第65章 杀猪菜(2 / 2)

他继续叮嘱:“待腺体全然恢复时,雨露期或将至。届时若行标记,需循序渐进,切忌操之过急。”

顾青禾耳根微热,点头应下,付了银钱便与苏云书告辞。

在镇上用过午饭,直到日头渐渐西斜,两人逛够了,才驾着驴车慢悠悠回村。

行至半路,遇见同村的李二牛背着满满一竹筐年货,额角沁着汗珠却步履生风。顾青禾停下车招呼:李大哥,搭车回去吧?

不碍事!李二牛挺直腰板,把筐篓颠得哗哗响,这点分量还不够我热身呢!说着背着重重的竹筐,迎着路人艳羡的目光,踏着四方步走了。

顾青禾望着他刻意挺直的背影,忽然笑出声,这人怕是恨不得在脑门写上今年挣着钱了。

回村第二日,村长就敲锣召集大伙儿翻地沤肥。有了先前的经验,不过一天多的工夫,十座大棚都已收拾妥帖。

闲下来的坤泽们常常聚在村口老槐树下做针线,细密的针脚里缝进对新年的期盼。

没几日,村里嬉闹的孩童都换上了新袄。兜里揣着饴糖和糕点的孩子们互相分享零嘴,甜丝丝的香气随着笑声在冬日的村庄里飘荡。

已经是腊月了,村中开始飘起了杀猪的喧闹。

顾青禾和苏云书站在王叔家的院子里,几个健壮的乾元正帮着将一头肥硕的大黑猪按在宽大的条凳上。

外村请来的屠户经验老道,手法利落,白刀子进红刀子出,猪血哗哗地流入腐。

孩子们既害怕又兴奋,捂着耳朵躲在大人身后,却又忍不住从指缝里偷看这一年一度的大场面。

苏云书大概是第一次见这场景,整个人都僵了,既不敢靠近,又舍不得移开眼。
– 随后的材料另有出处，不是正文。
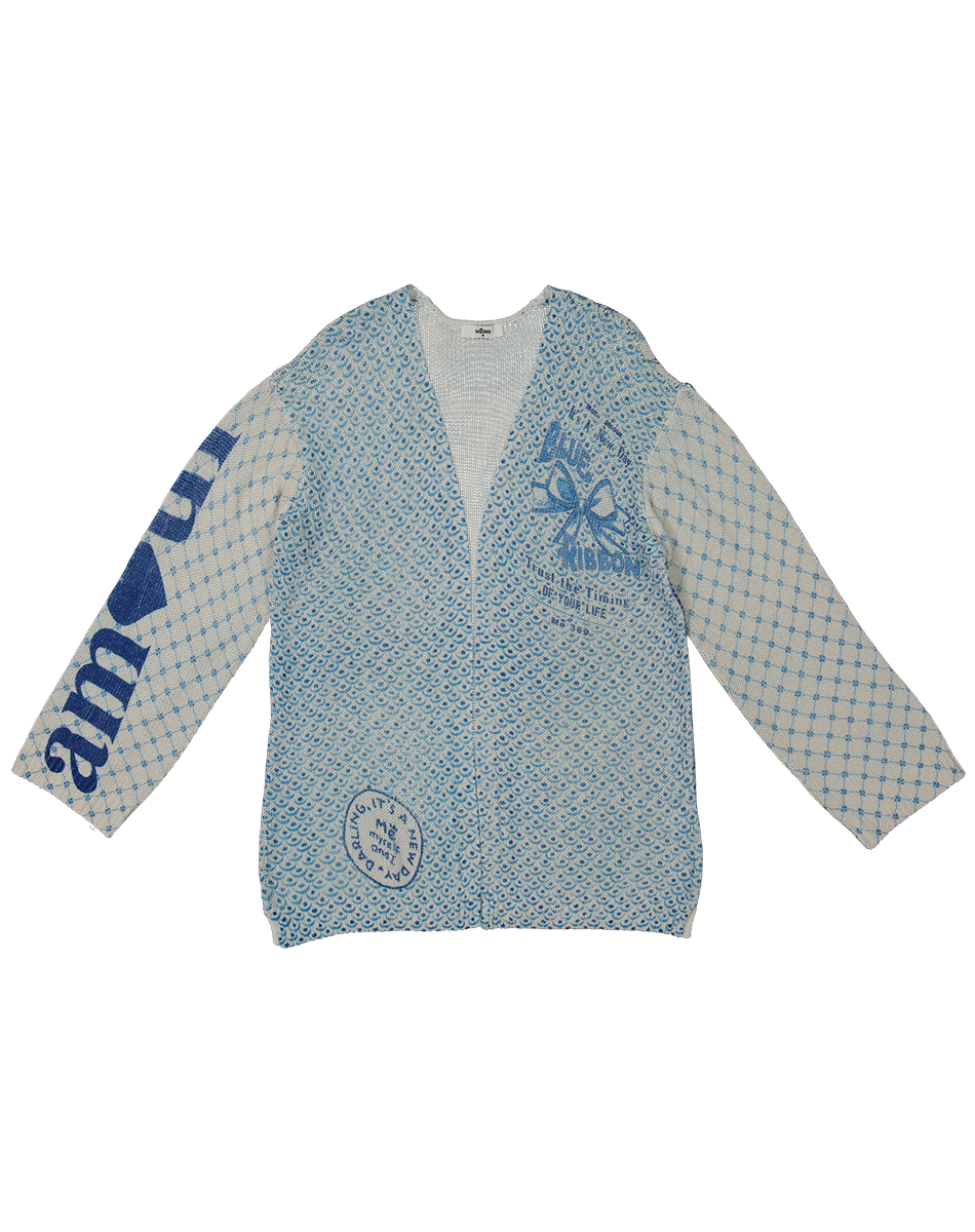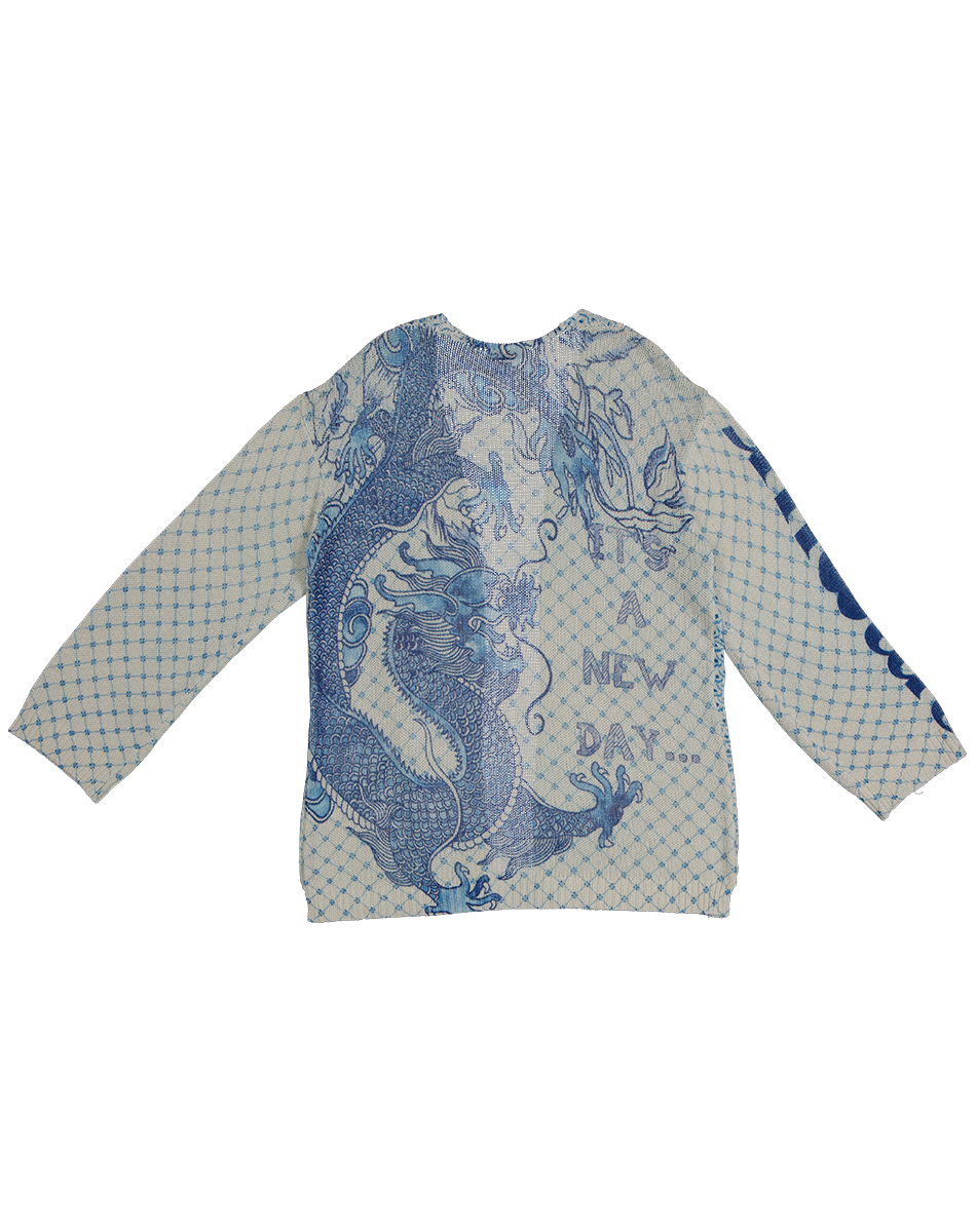 Mixed geometric print oversized open front cardigan in shades of blue and lavender. Long drop sleeves, two front pockets.One sleeve reads amour with a heart for the “o”. Front reads “BLUE RIBBON” (and something else I can’t read) with a bow. There is a circular patch on the bottom that reads “ DARLING, IT’S A NEW DAY” (and something else that I can’t read). Back has a large ornate dragon with some floral graphics and reads,”IT’S A NEW DAY”. Pair with our casual pants or shorts for a comfy easy to wear look.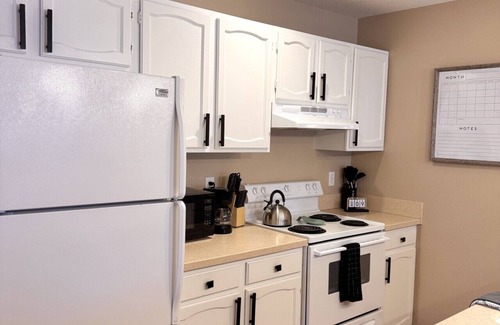 The fully equipped kitchen offers appliances such as stovetop and oven, dishwasher, microwave and full-sized refrigerator as well as basic cooking tools and supplies.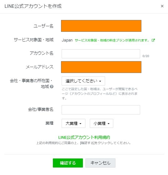 その場合、「LINE公式アカウントを作成」をクリックすると下記画面になるため、

她偷偷躲在顾青禾背后,小手死死捏着她的衣角,探出点脑袋看着。

空气中弥漫着猪的嚎叫、人们的谈笑、以及滚水浇烫猪皮后刮毛时特有的味道,混杂在一起,构成了一幅鲜活又粗粝的乡村年景。

等猪烫毛、刮净、开膛破肚,被大卸八块。王叔按照村里的惯例,除了自家留足过年的部分,剩下的猪肉会优先卖给本村人,价格也比镇上实惠。

更重要的是,按照老传统,杀猪的人家会煮上一大锅“杀猪菜”,邀请帮忙的乡邻和相熟的人家一起来吃,热闹一番。
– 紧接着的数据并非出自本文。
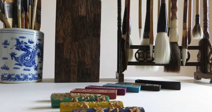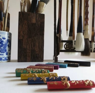 La calligraphie mongole repose sur des outils spécifiques, dont l’usage influence profondément le style, l’énergie et la qualité du tracé. Ces instruments ne sont pas de simples accessoires : ils sont le prolongement du geste et de l’intention du calligraphe.
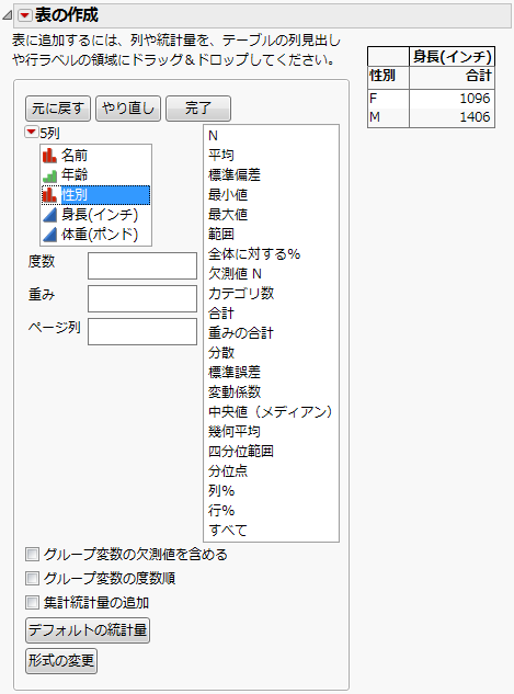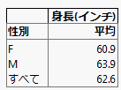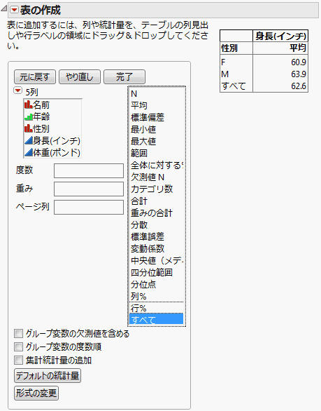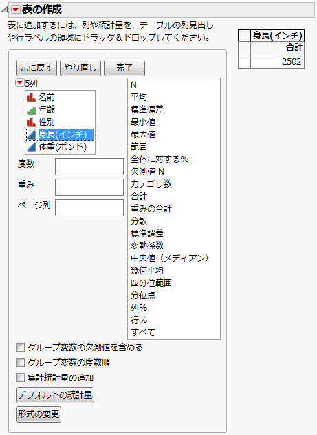 「身長(インチ)」をクリックし、「列のドロップゾーン」にドラッグします。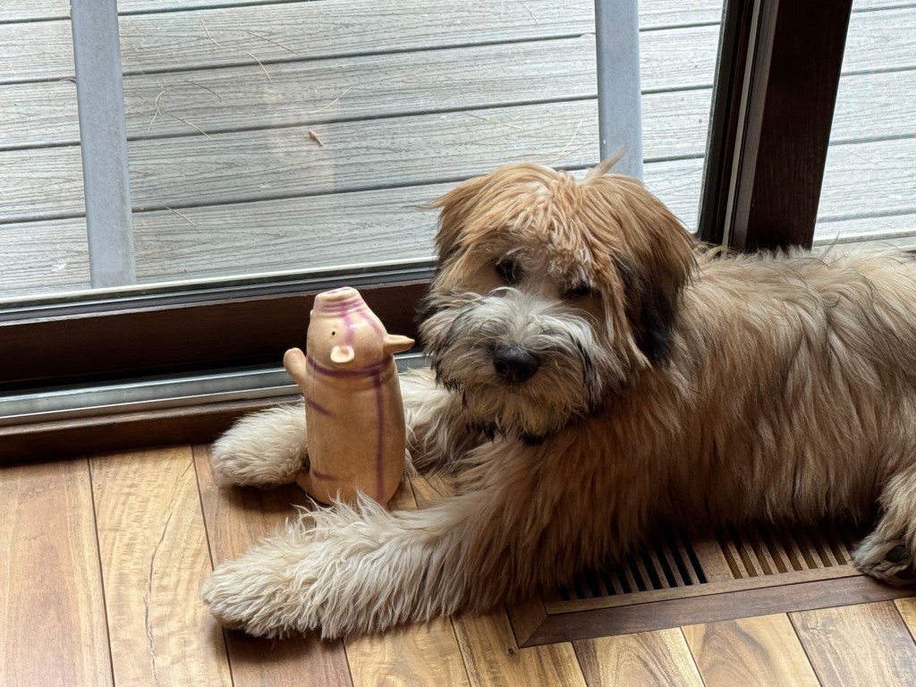 As I write this, our wheaten terrier Finn chases around the table where I sit, playing with a latex pig dog toy that grunts when he mouths it. It really sounds like a little pig. He loves to chew on the ears, which makes the pig grunt some more. He plops in front of the patio door where light streams in, chews his pig, stretches out, and is happy.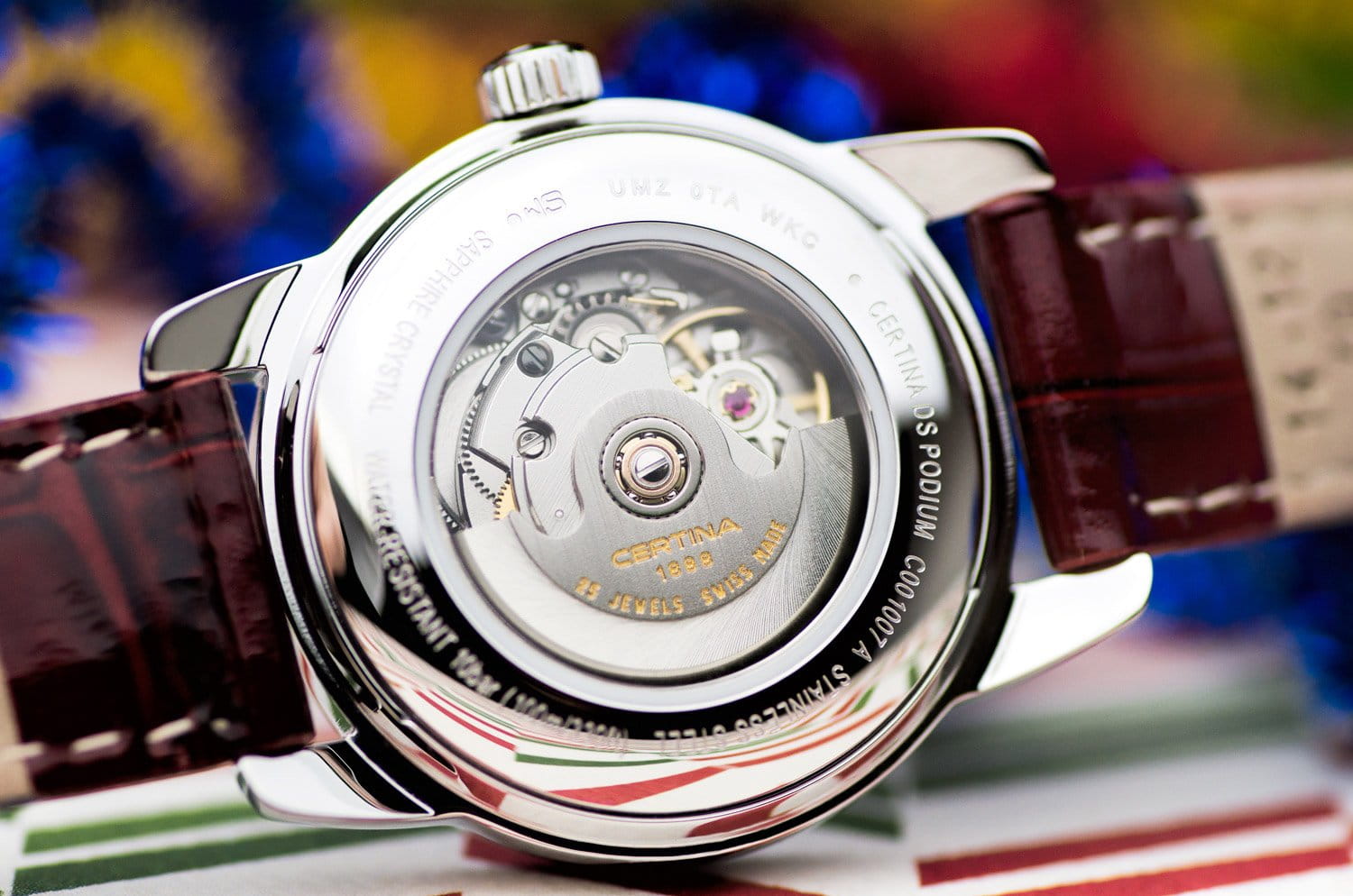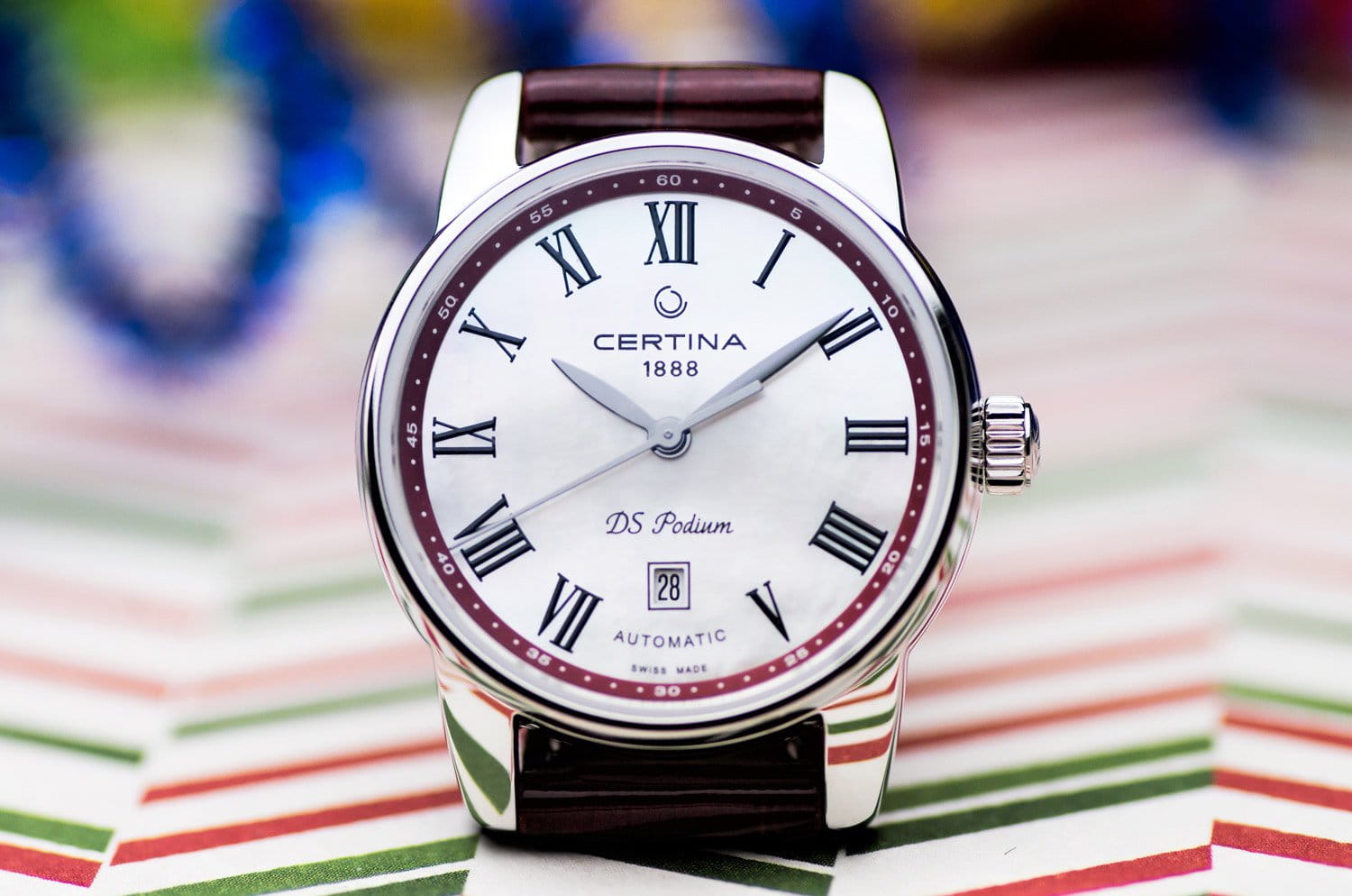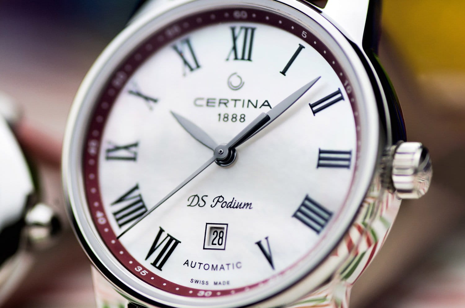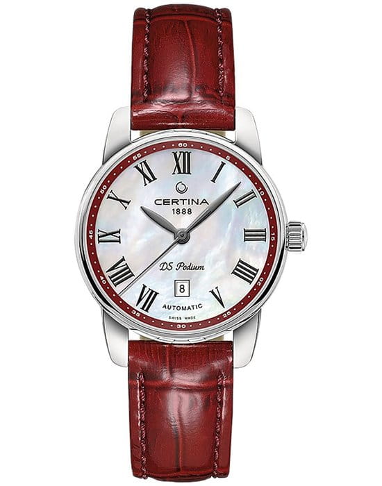 Элегантный аксессуар обладает вневременным дизайном, перламутровый циферблат дополнен римскими цифрами с винтажным оттенком. Часы с автоматической системой завода для своей работы используют энергию от движений руки носительницы, позволяя забыть о необходимости регулярного завода. Швейцарский механизм ETA 2671 с 38-часовым запасом хода. Скелетонизированная задняя крышка. Сапфировое стекло с двухсторонней обработкой «антиблик». Концепция Double SecurityDS ConceptDouble Security Concept, обозначает двойную надёжность и безупречную точность часов Certina. Двойная система защиты подразумевает обеспечение максимальной устойчивости к ударам и высоких показателей водонепроницаемости.. Корпус из нержавеющей стали 316L. Водозащита 100 метров. Ярко-красный ремешок из натуральной кожи. . Отображение числа. Диаметр корпуса: 29 мм.

傍晚时分,王屠户家的院子里就支起了临时的灶台,几口大锅咕嘟咕嘟地冒着热气。

最大的一锅里,新鲜的猪血肠、五花肉片、猪肝、猪肺等下水,配上早就备好的酸菜、粉条、冻豆腐一起炖煮,浓郁的肉香混合着酸菜的酸爽气息,飘出老远,勾得人馋虫大动。

另一口锅里煮着大块的骨头,还有一口小点的锅里炒着喷香的猪油渣和瘦肉片。

顾青禾推辞了酒桌的招呼,拉着苏云书在一旁的饭桌坐下,盛上一碗热腾腾的杀猪菜。

五花肉酥烂入味,肥而不腻,酸菜的酸爽恰好解腻,粉条滑溜溜吸饱了汤汁格外爽滑。苏云书吃得眼角都染了笑意,小声感叹:“这也太好吃了。”

自这第一顿杀猪菜起,两人便成了各家争相邀请的座上宾。几乎每逢杀猪,村民们都会热情相邀。这份甜蜜的烦恼让整个腊月都充满了温暖的烟火气。